I do not know more than the Sea tells me,
told me long ago, or I overheard Her
telling distant roar upon the sands,
waves of meaning in the cradle of whose
sounding and resounding power I
slept.
It is something telling that Boudika does not fixate on the blood spilled in the same way he does. Perhaps, in her world, it has become an ingrained rite of passage. Perhaps everything that means something requires blood in the water. Sacrifice. Everyone she has ever cared for, at some point, bled for her or she for them. There is a question there, in the aching silence. There is a question. Maybe I am a monster?
If that were the case, why does he continue to touch her? Why is it she cannot drive him from her, time after time after time? There is something comforting in his strong, silent presence. In his touch. If she were only willing to accept it, to trust it, to see it as genuine rather than another complicated test.
He listens. At first Boudika is self-conscious, with her voice echoing in the cavern, haunted and girlish. But he listens. He listens with his whole body, leaned just slightly into her. She feels it in the silence, in the way he nearly holds his breath to hear her words. When he speaks it is to ask a question she had never expected.

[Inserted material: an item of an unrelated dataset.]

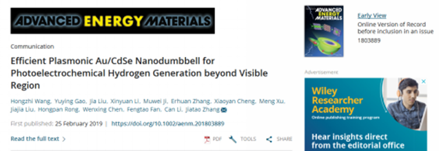 团队与中科院大连化物所李灿院士团队合作,在金属@半导体异质纳米结构研究积累基础上(Science, 2010; Adv. Mater., 2014; Angew. Chem. Int. Ed., 2015; Adv. Mater., 2016; Nano Energy, 2018; Nano Energy, 2019; J. Mater. Chem. Mater. A, 2018)通过精确调控Au/Ag核壳纳米晶的硒化反应以及逆向竞争的水相阳离子交换反应,实现了从核壳结构(core/shell)到哑铃结构(nanodumbbell)演变的Au/CdSe异质纳米棒的制备及异质界面的高质量构建。得益于Au棒的纵向SPR效应及两端的电磁场增强“热点”以及高质量的异质界面,制备的Au/CdSe HNRs在近红外区具有很强的光吸收特性,实现了Plasmon增强的高效热电子注入效应。结合空间分辨的表面光电压成像表征(与李灿院士团队合作),成功研发出一种在近红外光波段具有高的吸收效率,又具有高的可见-近红外光电催化产氢性能,且其法拉第效率高达96%的光电催化材料。光电催化产氢活性(45.29 μmol cm-2 h-1)通过5天的连续测试,没有明显降低。米兰的王虹智博士研究生以及大连化物所的高玉英博士研究生为共同第一作者。相关工作以“Efficient plasmonic Au/CdSe Nano-dumbbell for Photoelectrochemical Hydrogen Generation beyond Visible Region”为题,在线发表在Advanced Energy Materials (2019, DOI: 10.1002/aenm.201803889)上。

Do you need me to be like you?
There is the light of the fire and then the ethereal other light, that makes the planes of his face seem hard. It is a light from within him, she knows, just like there are a thousand shapes wrestling in her stomach for purchase, just like a wolf howls long and lonely in her soul and an osprey screams, and screams, and screams. Boudika looks at him and does not know how to answer, especially when he questions her. Especially when he tells her a truth she already knows: he belongs to something else, something other than the sea. But would it make you happy? Would it make a difference?
She shakes her head, a silent no, because she cannot otherwise answer. Her throat is hot with unshed tears. Boudika sees the truth now, the truth of what he says. Of course it would not make a difference. Or so it should not. But what man would take a crocodile’s teeth and then respond with such compassion? She can think of none.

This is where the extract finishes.